Monday, July 21, 2008

Tender is the Night

Author: F. Scott Fitzgerald
Year: 1934

It’s hard to read Tender Is the Night without paralleling it to The Great Gatsby as well as Fitzgerald’s personal life. In a sense, this novel is another account of the eventual frustration and defeat of the American dream. Unfortunately, it does not dazzle in the same way that Gatsby does, and while the writing is solid and the plot compelling, Tender Is the Night falls far short of achieving the same level of transcendence.

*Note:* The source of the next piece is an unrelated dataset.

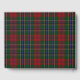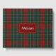 Colorido livro de convidados, feito com o padrão clássico de xadrez tartan MacLean, verde, azul, vermelho, amarelo, preto e branco. Uma área de texto de tom vermelho e dourado, na frente do livro, tem texto personalizado branco pronto para personalizar.

The novel begins with an interesting bit of misdirection, placing the reader in the shoes of young starlet Rosemary Hoyt as she meets the true main characters, Dick and Nicole Diver. Dick Diver is a supreme example of American promise, but despite all his intelligence and privilege, his story ends much like that of Jay Gatsby. The relationship between the Divers (clearly echoing many aspects of Fitzgerald and his wife Zelda) is at times heartbreaking and exhilarating, but most often seems like a detached clinical study. I suppose this treatment may be an intended reflection of the Divers’ own detachment, but it manages to make the novel frustratingly distant in many sections. Most compelling is the subtly changing dynamic of the couple: through the course of the novel we see Nicole’s slow recovery while witnessing a parallel regression in Dick. It is as if her well-being is necessitated upon his gradual destruction.

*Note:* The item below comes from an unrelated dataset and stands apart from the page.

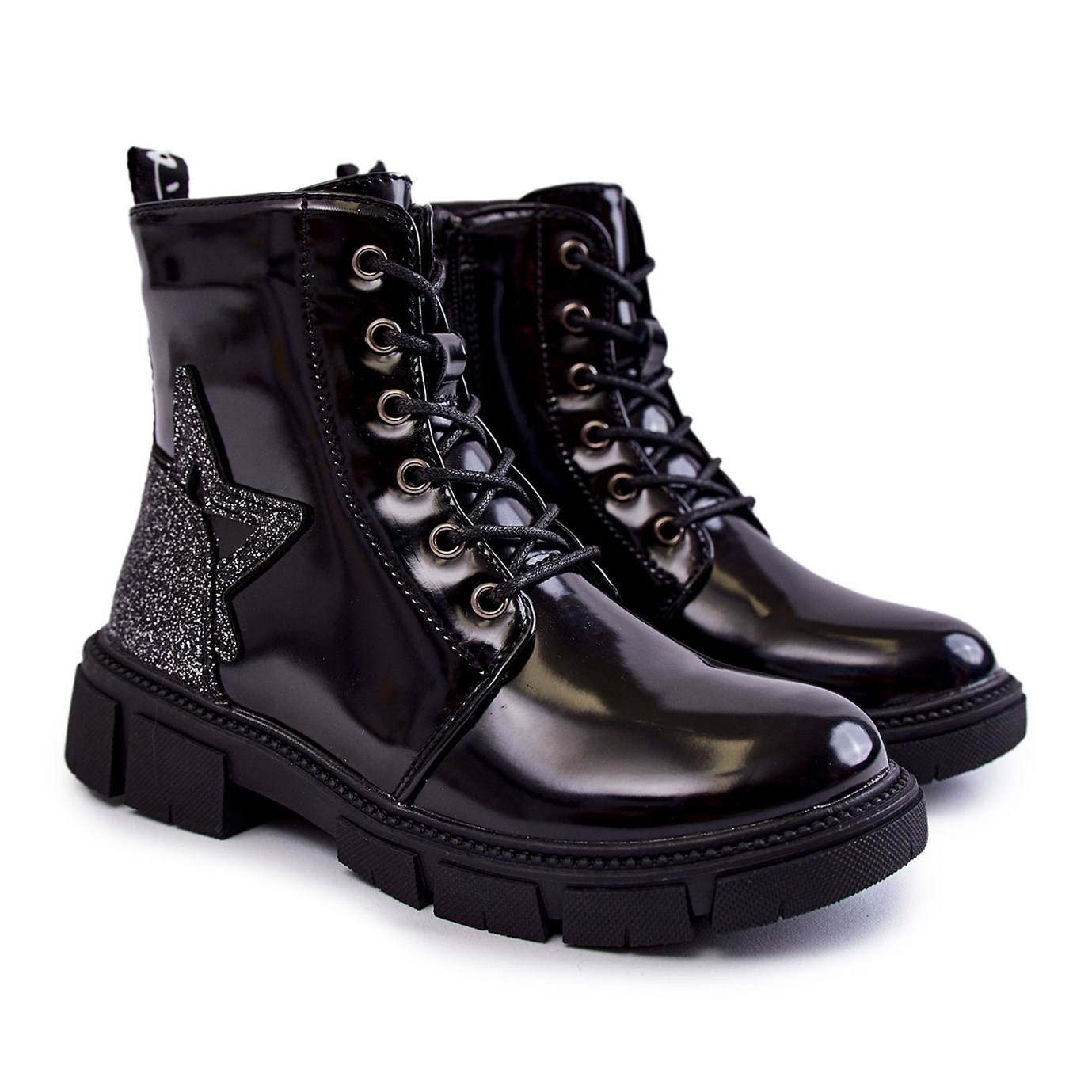 Das schwarze Stiefeletten-Modell zeichnet sich durch eine klassische Schnürung und einen praktischen Reißverschluss an der Seite des Obermaterials aus, der das An- und Ausziehen erleichtert. Die zusätzliche Glitzerverzierung an der Seite verleiht Charme und sorgt dafür, dass sich jedes Mädchen darin besonders fühlt.

There are a few scattered moments of striking beauty and insight, like when Dick, with extraordinary self-perception, muses, “The strongest guard is placed at the gateway to nothing. . . . Maybe because the condition of emptiness is too shameful to be divulged.” Also, the ending notes possess a somber grace lacking in the rest of the novel, that one almost wants to begin again and re-experience the journey in a new light. But on the whole, the poetic encapsulation of American history and culture that is so prevalent in The Great Gatsby is woefully underrepresented here, leaving us with only another sad tale of the Lost Generation.